[Dspace-tech] Unwanted errors in Cocoon.log

178 views
Skip to first unread message

Ian Boston

unread,
Aug 26, 2015, 10:15:08 AM8/26/15
to DSpac...@lists.sourceforge.net
Hi,
I've been doing some load testing recently using a jmeter spidering
test, and I notice the Webapp node becomes Disc IO bound long before
anything else runs out which I think is odd since the user is
anonymous, and I would not have expected huge amounts of disk IO.

In trying to locate the source of the problem I have noticed thousands
of large tracebacks appearing in the cocoon.log whenever a 404 is
generated. Each traceback is just under 400 lines long and always
starts with this

2012-12-11 01:02:51,820 ERROR cocoon.handled - Failed to process pipeline
at <map:serialize type="xml"> -
jndi:/localhost/xmlui/aspects/aspects.xmap:96:31
at <map:generate type="file"> -
jndi:/localhost/xmlui/aspects/aspects.xmap:95:55
at <map:serialize type="xml"> -
resource://aspects/ViewArtifacts/sitemap.xmap:218:52


with a base cause of.

Caused by: org.apache.cocoon.ResourceNotFoundException: Page cannot be found
at org.dspace.app.xmlui.aspect.general.PageNotFoundTransformer.addBody(PageNotFoundTransformer.java:168)
at org.dspace.app.xmlui.wing.AbstractWingTransformer.startElement(AbstractWingTransformer.java:223)
... 309 more


The ResourceNotFoundException is probably reasonable, but I would like
to eliminate the traceback without disabling the "cocoon.handled"
logger completely.

I would also like to simply pass the 404 the front end httpd with zero
content so that it can deliver an appropriate response, rather than
confusing users with a java + cocoon stack trace.

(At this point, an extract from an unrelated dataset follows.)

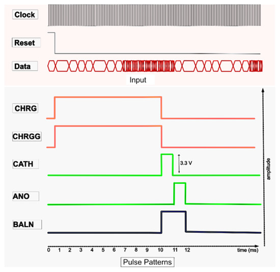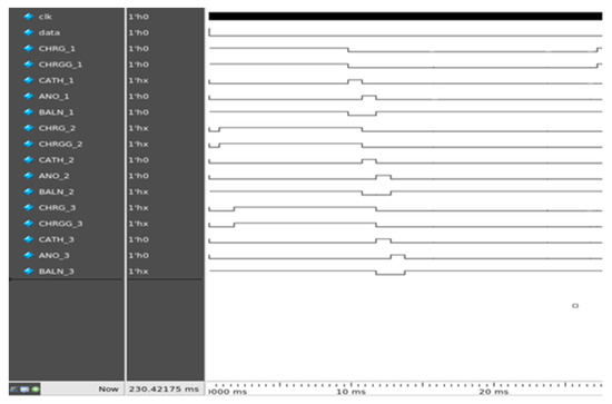 ModelSim v10.3e was used as the simulation tool for digital control. Figure 10 shows the simulation results of the digital controller on ModelSim for the two sets of channels. CHRG and CHRGG were simultaneously generated for 10 ms in this simulation. CATH and ANO, each for 1 ms, were consecutively generated to generate a cathodic-first pulse. A BALN pulse with a CHRG was produced.

Any pointers gratefully received.

Ian


(BTW, this probably isnt the source of the IO since the file only gets
to 100M in the 5 minute test, but I would like to eliminate the
growth).

helix84

unread,
Aug 26, 2015, 10:15:15 AM8/26/15
to Ian Boston, DSpac...@lists.sourceforge.net
Hi Ian,

I don't know about shortening the stacktrace, but that's a pretty
generic Java question so you may try googling around.

To answer at least a part of your question, this is where 404s are
handled in Cocoon. You may want to edit the XSL to filter what you
send to the user for specific exceptions and leave the rest (the
unexpected ones) as stacktraces.

https://github.com/DSpace/DSpace/blob/dspace-3_x/dspace-xmlui/src/main/webapp/sitemap.xmap#L673


Regards,
~~helix84

Compulsory reading: DSpace Mailing List Etiquette
https://wiki.duraspace.org/display/DSPACE/Mailing+List+Etiquette

Ian Boston

unread,
Aug 26, 2015, 10:15:16 AM8/26/15
to hel...@centrum.sk, DSpac...@lists.sourceforge.net
On 12 December 2012 20:15, helix84 <hel...@centrum.sk> wrote:
> Hi Ian,
>
> I don't know about shortening the stacktrace, but that's a pretty
> generic Java question so you may try googling around.

I dont think there is a way other than changing the Cocoon code,
blocking the logger or not throwing the exception and setting a 404
status code in the Dspace code. I might just do the latter.

>
> To answer at least a part of your question, this is where 404s are
> handled in Cocoon. You may want to edit the XSL to filter what you
> send to the user for specific exceptions and leave the rest (the
> unexpected ones) as stacktraces.
>
> https://github.com/DSpace/DSpace/blob/dspace-3_x/dspace-xmlui/src/main/webapp/sitemap.xmap#L673
>

Ok, thanks for the pointer.

Ian

Tim Donohue

unread,
Aug 26, 2015, 10:15:37 AM8/26/15
to Ian Boston, DSpac...@lists.sourceforge.net
Hi Ian,

Just now saw this thread about the ugly 404 error page & logs in DSpace
XMLUI / Cocoon.

You may already be aware of when/why this came about. But, I figured I'd
fill in some "history" just in case you (or others) are not.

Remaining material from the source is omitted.